Thursday, July 25, 2013

Detroit

I've seen a lot of columns on the failure of Detroit but none of them really discuss the real problems. I'm not an expert on the subject but there are a lot of obvious holes in the current analysis.

Something that is almost never mentions is that the population of the Greater Detroit Metro Area is stable. People are leaving Detroit proper but not the area. Paul Krugman refers to Detroit as a market failure without explanation but this is what he means.

Detroit is in trouble because its population and tax base have been shrinking while its liabilities stay the same. One of its biggest liabilities is its retirement system. A proper retirement system invests workers funds during their tenure and pays the retirement out of the profits from those investments. That means that retired workers would continue to receive their checks, even if Detroit were to go bankrupt. Detroit didn't do that. It opted for a pay-as-you-go system where today's retirement checks are paid for from today's taxes. This is manageable as long as the tax base is stable or growing. With a shrinking tax base, it becomes untenable. This is the same problem that the Detroit automakers face.

Since the retirement checks and other fixed expenses have to be paid, cuts have to be made in services.
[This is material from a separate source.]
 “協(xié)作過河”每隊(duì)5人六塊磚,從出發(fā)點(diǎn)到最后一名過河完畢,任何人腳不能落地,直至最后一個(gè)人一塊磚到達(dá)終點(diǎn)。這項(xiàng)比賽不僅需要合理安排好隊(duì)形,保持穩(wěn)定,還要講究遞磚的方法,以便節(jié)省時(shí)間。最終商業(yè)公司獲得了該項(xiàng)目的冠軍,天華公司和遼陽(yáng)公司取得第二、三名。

That is why the streetlights dont' work and it takes an hour for the police to arrive in an emergency.

Detroit could have survived the bad pension plan if it had a stable tax base but it does not. It has been hemorrhaging residents. Liberals chalk this up to White Flight. If whites had only stayed put after the race riots in the 1960s, Detroit would be fine.
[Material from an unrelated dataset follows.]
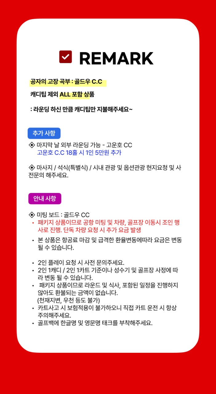 * 마지막날 외부라운드 가능, 고운호cc 18홀시 5만원 추가

This is simplistic. There were many factors that led to the population loss. Ironically, the automobile and the rise of the suburbs are a big factor in Detroit. Unlike many cities, Detroit is on flat land which encourages urban sprawl. As the metro area expands, it drains people from the center. This has been a problem for most US cities to some degree or another. Decades of corruption and mismanagement are another factor. The process was also self-sustaining. As the population left Detroit proper, city services were reduced and crime increased. This encouraged more people to leave which fed the cycle. Even black families gave up on their old neighborhoods as crime rose. Businesses followed the population or took advantage of undeveloped land on the outskirts of the metro area.
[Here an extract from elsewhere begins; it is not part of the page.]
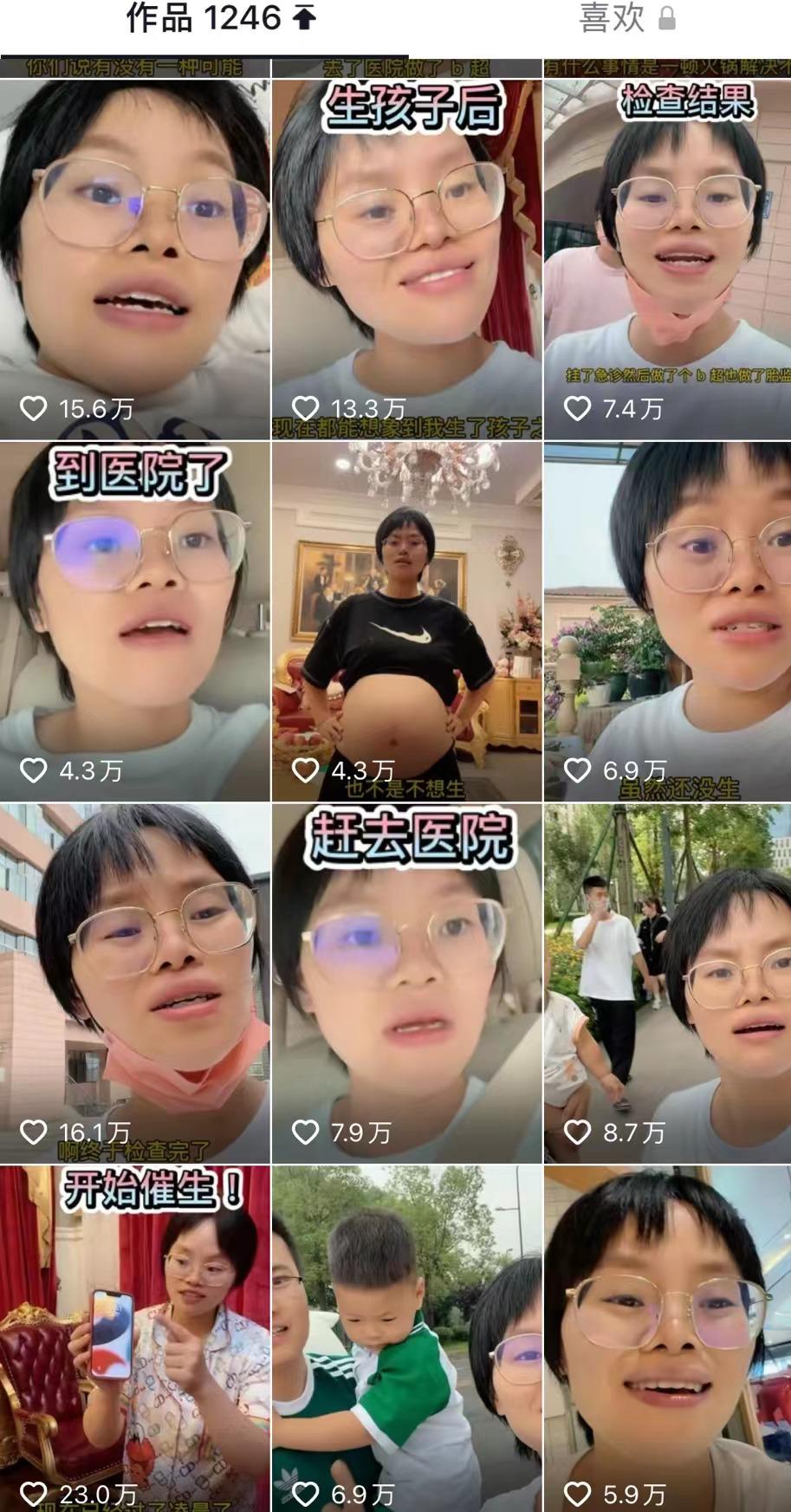 她会事无巨细地分享自己的日常,有自己带着小姑子、表弟组团队一起干直播的片段,有生二胎、怀三胎的片段,比如,今年彩虹怀了第三胎,从发现意外怀孕、到检查再到纠结要不要留下,全部拍成短视频,点赞量都过万。

This is the market failure that Krugman referred to. When given a choice between Detroit proper and other cities in the metro area, the population overwhelmingly chose to leave Detroit.

What can we learn from this? One lesson is the one Krugman wants to downplay - that underfunded pension systems can drag down cities. Another is that you can't mismanage a city indefinitely. Detroit may be unique but many of the factors that brought it down exist in other cities.